How to unwrap rows to columns in r

Question

Is there an efficient way to unwrap rows in a r data frame to columns? This is an re-occurring problem I run into, when my data I get from an SQL script should be unwrapped into several columns. For example for timeseries forecasting where I don't have an rnn and I instead aim to use standard neural nets. Instead of having recurring nets I plan to flatten the data beforehand so that the net receives the row for t-1, t-2, t-3 etc.
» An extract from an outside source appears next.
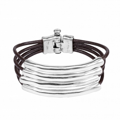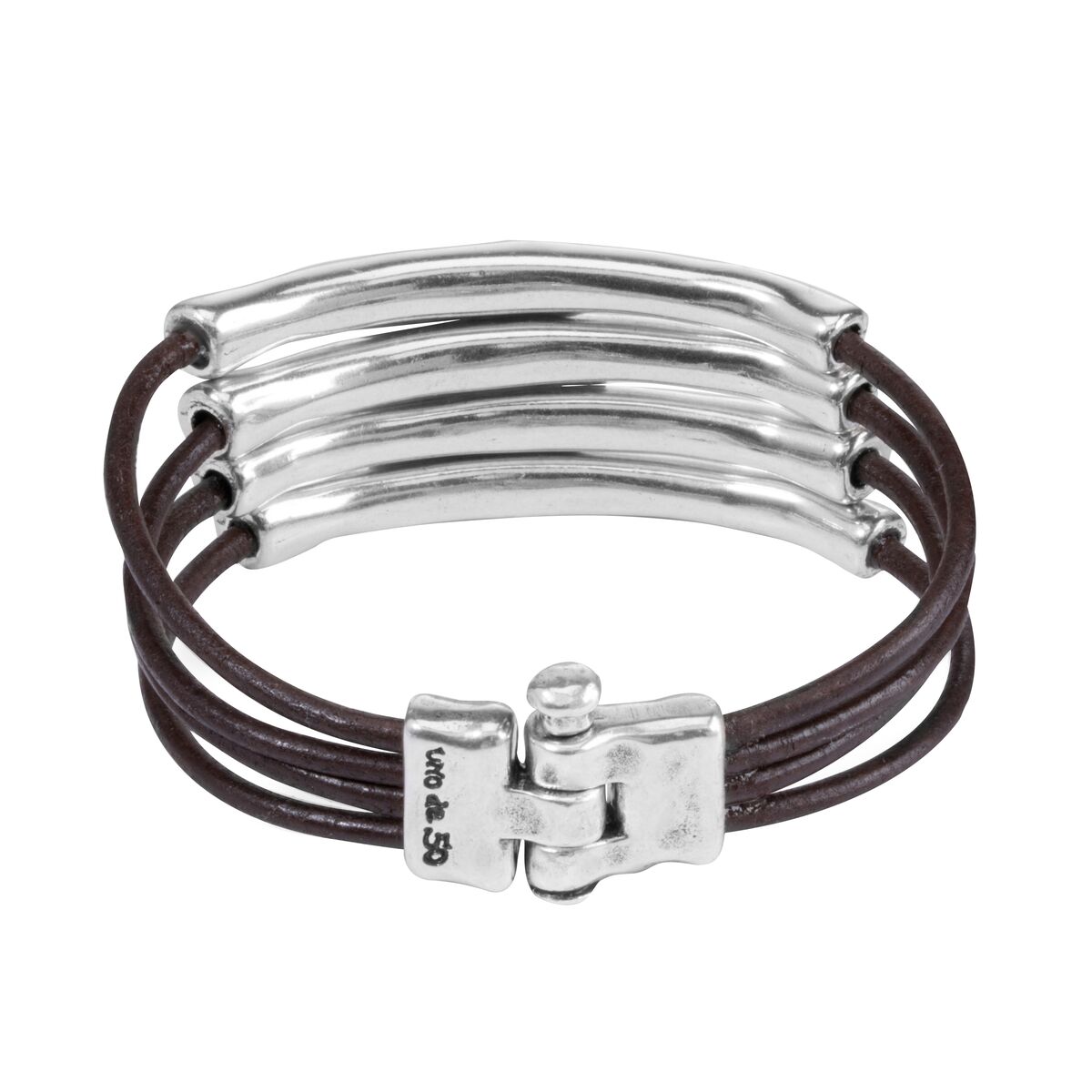Кожаный браслет с серебряными вставками женский UNOde50 Tu-Bi-hing

See my fancy paint-job below

Basically, for each row I want to concatenate n previous rows on the right, where n depends on how many previous times steps we want to use to predict values in the current row.

Mostly I'm looking for a smart and efficient way of doing it, preferably with existing libraries/functions in r. I can program it in several languages, but aim to find an r solution. I've done this in Java before (which was quite fast) and in r (which took ~forever=1 hour).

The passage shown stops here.